A projectile is launched upward with a velocity of 128
feet per second from the top of a 50- foot platform. What is the maximum height attained by the projectile?
g = -32 ft/s^2
so it take 4 seconds to reach max height ... 128 / 32 = 4
the average velocity is ... (128 + 0) / 2 = 64 ft/s
max height = 50 + (64 * 4)
306
Well, if a clown were to launch themselves upward with a velocity of 128 feet per second from a 50-foot platform, they would probably hit the ceiling and make quite a mess! But let's get back to your question. To find the maximum height attained by the projectile, we can use the equation of motion.

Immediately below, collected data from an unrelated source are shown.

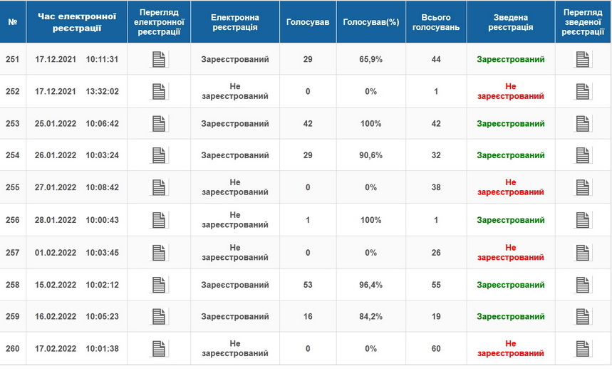 Скріншот з сайту ВРУ щодо електронної реєстрації Сергія Кузьміних
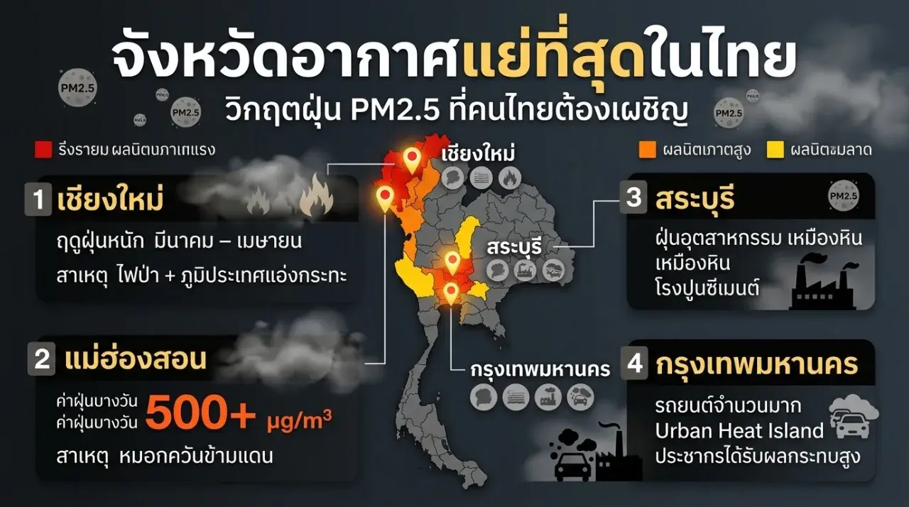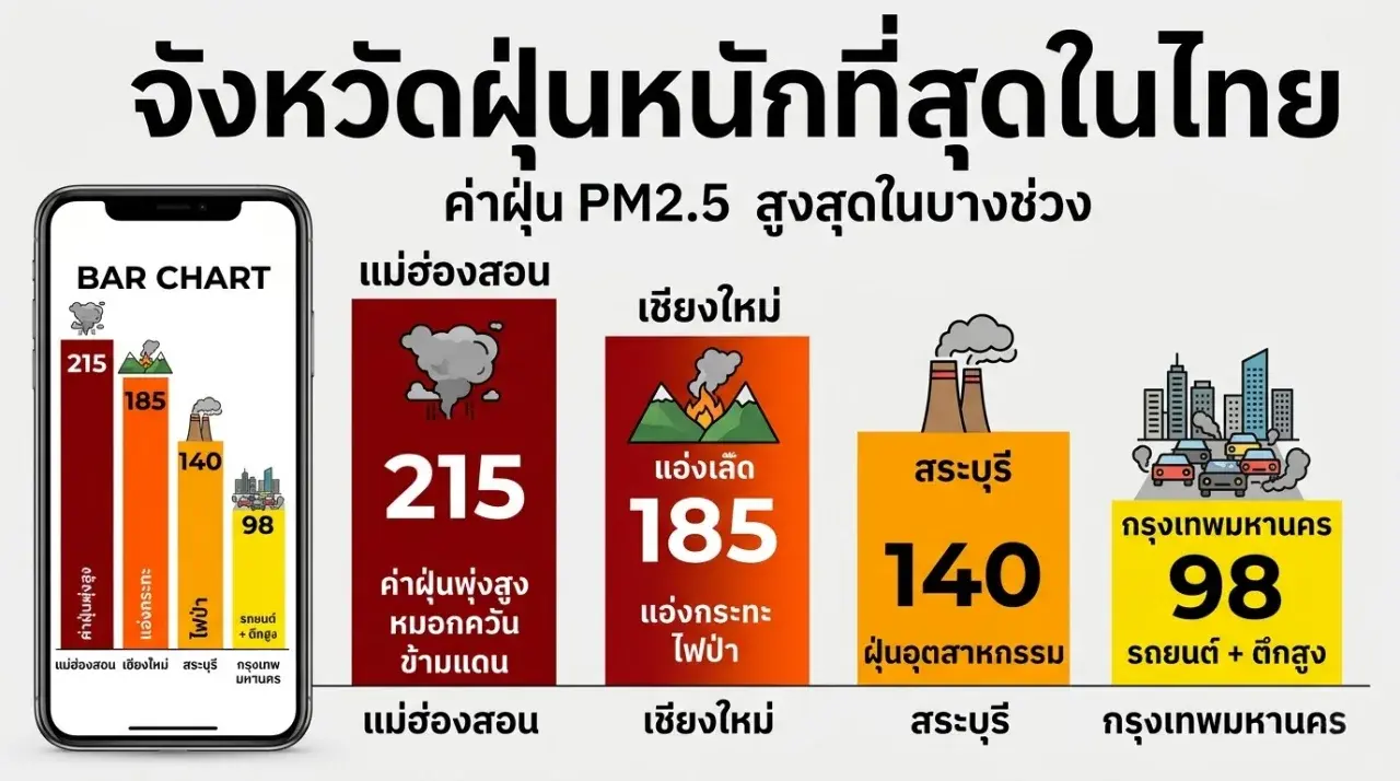 "แชมป์ที่ไม่อยากเป็น: เจาะลึก 'จังหวัดที่อากาศแย่ที่สุดในไทย' และความจริงเบื้องหลังฝุ่นพิษที่เปลี่ยนเมืองสวยให้เป็นเมืองในหมอก (ควัน)"
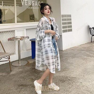今っぽシアーシャツ チェック柄 長袖 シャツブラウス レディース 透け感 シンプル 膝上 折り襟 ボタン カジュアル UV対策 トップス 春夏秋 ゆったり
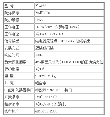 二.Flax52點型紅外火焰探測器技術參數
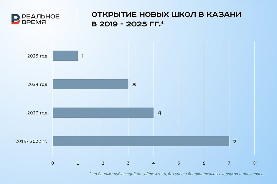 Согласно сведениям сайта kzn.ru, в 2026 году в Казани начнется строительство школы на 1 501 место в жилом комплексе «Станция Юбилейная» в Приволжском районе, но информации о том, когда она будет введена в эксплуатацию, пока нет. А в 2025 году в городе открыли всего одну новую школу.
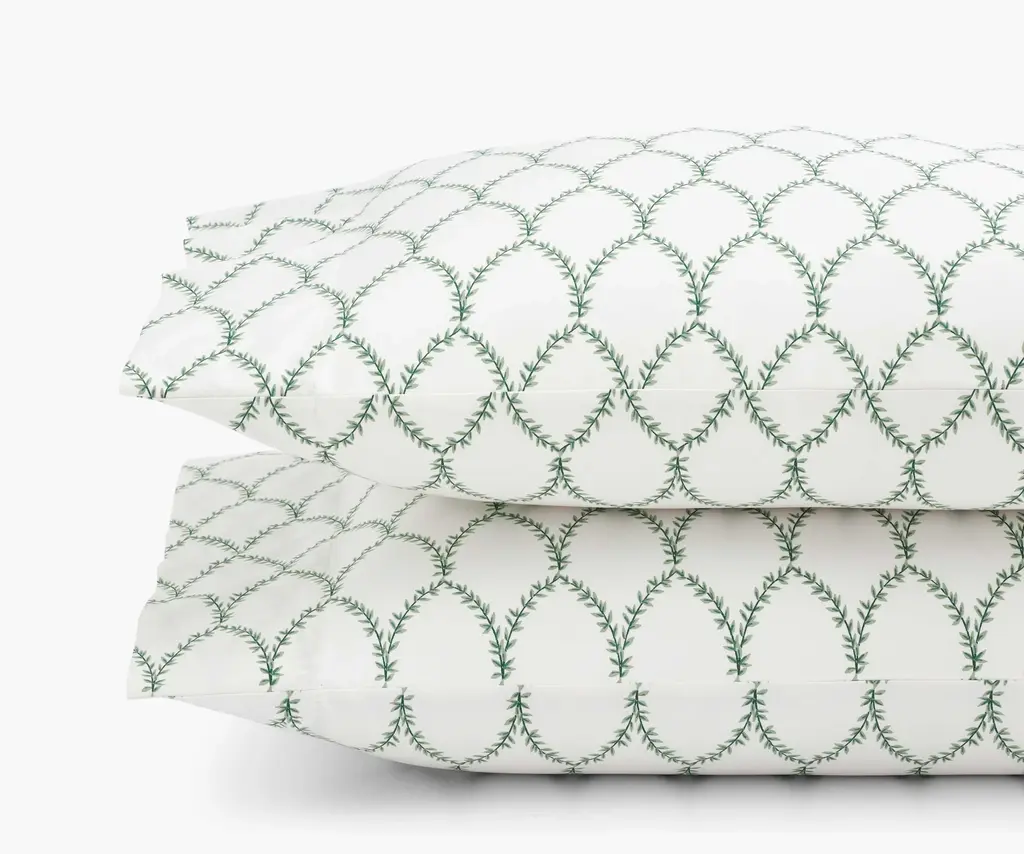 Arbors of delicate leaves arc across a solid ivory ground to create a pattern with a classic feel. Offered in your choice of three colorways, gold, blue, and sage, these sheets were created to layer with our other printed sateen bedding collections and coordinating Matelasse (sold separately). Crafted of buttery-soft and breathable sateen, this bedding collection has a subtle sheen and beautiful drape that's perfect for all-season comfort. Part of the Rifle Paper Co. x The Company Store collection.
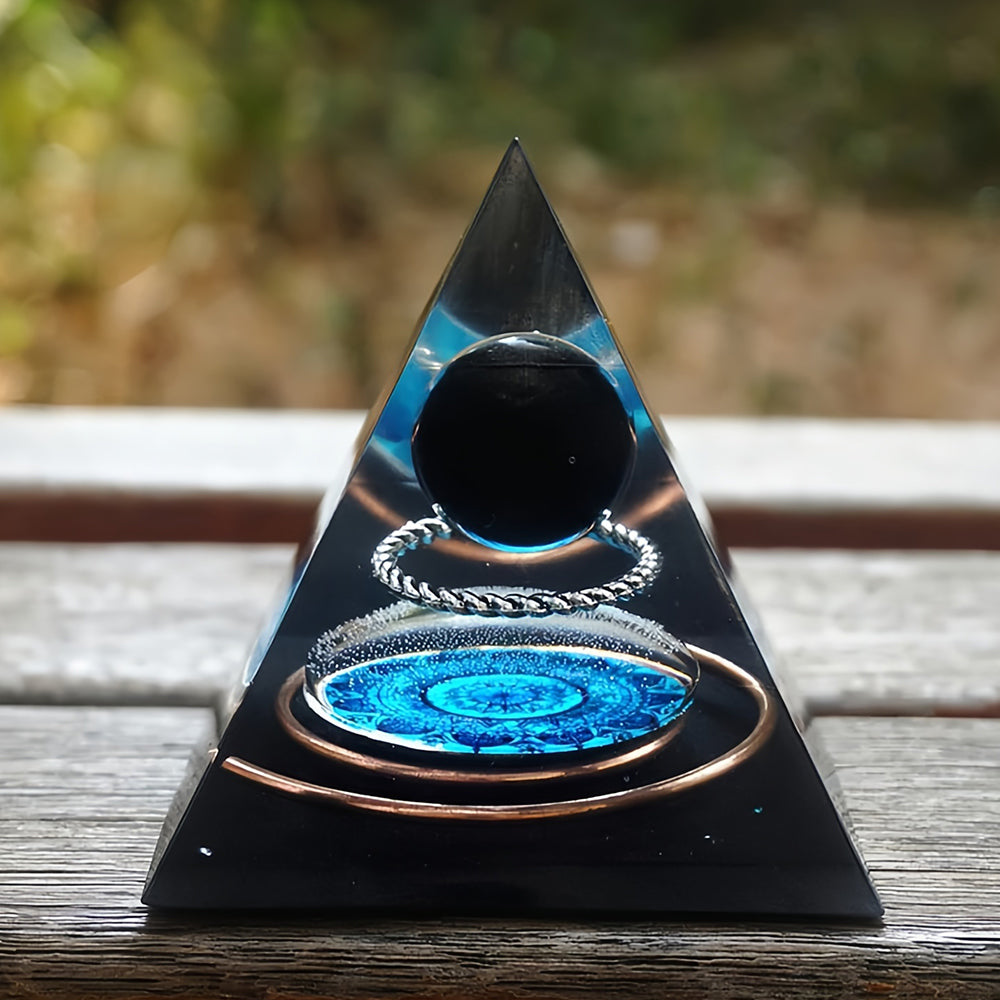 Obsidian Crystal Sphere With Copper Circle Orgone Pyramid
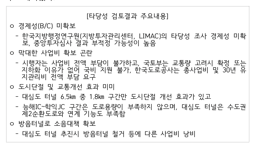인천시는 장기계획으로 검토한 대심도 터널의 사업추진 전반에 관한 사항을 면밀히 분석하기 위해 전문기관인 한국도로학회에 타당성 검토를 의뢰했다. 검토 결과에 따르면 대심도 터널은 ▲경제성 부족(B/C 미확보) ▲막대한 사업비 확보의 어려움 ▲도시 단절 및 개통개선 효과의 미비 ▲방음터널로 소음 대책이 이미 확보된 점 등을 이유로 사업추진의 타당성이 낮다고 평가됐다. 또한, 이중투자로 인한 사업비 낭비 우려도 제기됐다.
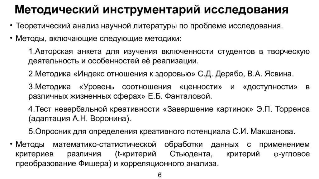 Теоретический анализ научной литературы по проблеме исследования. Методы, включающие следующие методики: Авторская анкета для изучения включенности студентов в творческую деятельность и особенностей её реализации. Методика «Индекс отношения к здоровью» С.Д. Дерябо, В.А. Ясвина. Методика «Уровень соотношения «ценности» и «доступности» в различных жизненных сферах» Е.Б. Фанталовой. Тест невербальной креативности «Завершение картинок» Э.П. Торренса (адаптация А.Н. Воронина). Опросник для определения креативного потенциала С.И. Макшанова. Методы математико-статистической обработки данных с применением критериев различия (t-критерий Стьюдента, критерий - угловое преобразование Фишера) и корреляционного анализа. 6
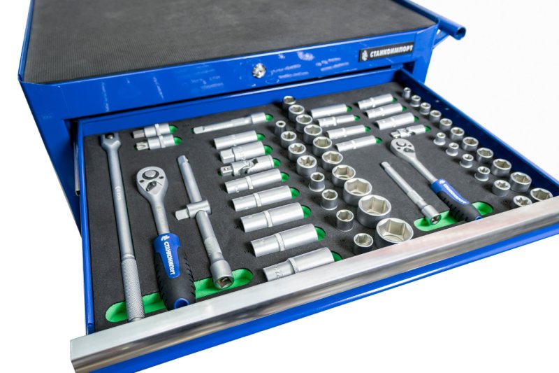 Три ящика тележки снабжены профессиональным инструментом в количестве 232 предмета. Данный комплект можно назвать как стартовый так как включает в себя ручной инструмент с посадочным квадратом 1/4, 3/8 и 1/2 дюйма, большое количество и разновидности бит, отвертки, губцевый инструмент и съемники стопорных колец, что вполне достаточно для выполнения довольно широкого спектра проводимых работ.

The formula for the maximum height can be written as h = (v^2)/(2g), where v is the initial velocity and g is the acceleration due to gravity. So, plugging in the values, we get h = (128^2)/(2*32.2). Doing the math, we find that the maximum height attained by the projectile is approximately 256 feet.
To find the maximum height attained by the projectile, we can use the kinematic equation for the vertical motion:
v^2 = u^2 - 2as
Where:
v = final velocity (0 ft/s at the maximum height)
u = initial velocity (128 ft/s)
a = acceleration due to gravity (-32 ft/s^2 for objects launched upward)
s = displacement (maximum height attained)
Rearranging the equation, we have:
s = (u^2 - v^2) / (2a)
Substituting the given values:
s = (128^2 - 0^2) / (2 * (-32))
s = 16384 / (-64)
s = -256
The calculated value for s is negative because the displacement is measured from the platform's height. Therefore, the maximum height attained by the projectile is 256 feet above the platform.
To find the maximum height attained by the projectile, we'll use the kinematic equation for vertical displacement:
π¦ = π¦0 + π£0π‘ - 1/2ππ‘Β²
Where:
- π¦ is the final vertical position (maximum height)
- π¦0 is the initial vertical position (the height of the platform)
- π£0 is the initial velocity in the vertical direction
- π is the acceleration due to gravity (approximately -32 feet per second squared)
- π‘ is the time taken
In this case, π¦0 is 50 feet (the height of the platform) and π£0 is 128 feet per second (the initial velocity). We want to find π‘, the time taken to reach the maximum height.
At the maximum height, the vertical velocity becomes 0. So we can use the equation:
0 = π£0 - ππ‘
Rearranging the equation, we have:
π‘ = π£0 / π
Substituting the values, we have:
π‘ = 128 / 32 = 4 seconds
Now, we can use this time value to find the maximum height. Plugging in the values into the first equation:
π¦ = π¦0 + π£0π‘ - 1/2ππ‘Β²
π¦ = 50 + 128(4) - 1/2(32)(4)Β²
π¦ = 50 + 512 - 1/2(32)(16)
π¦ = 50 + 512 - 256
π¦ = 306 feet
Therefore, the maximum height attained by the projectile is 306 feet.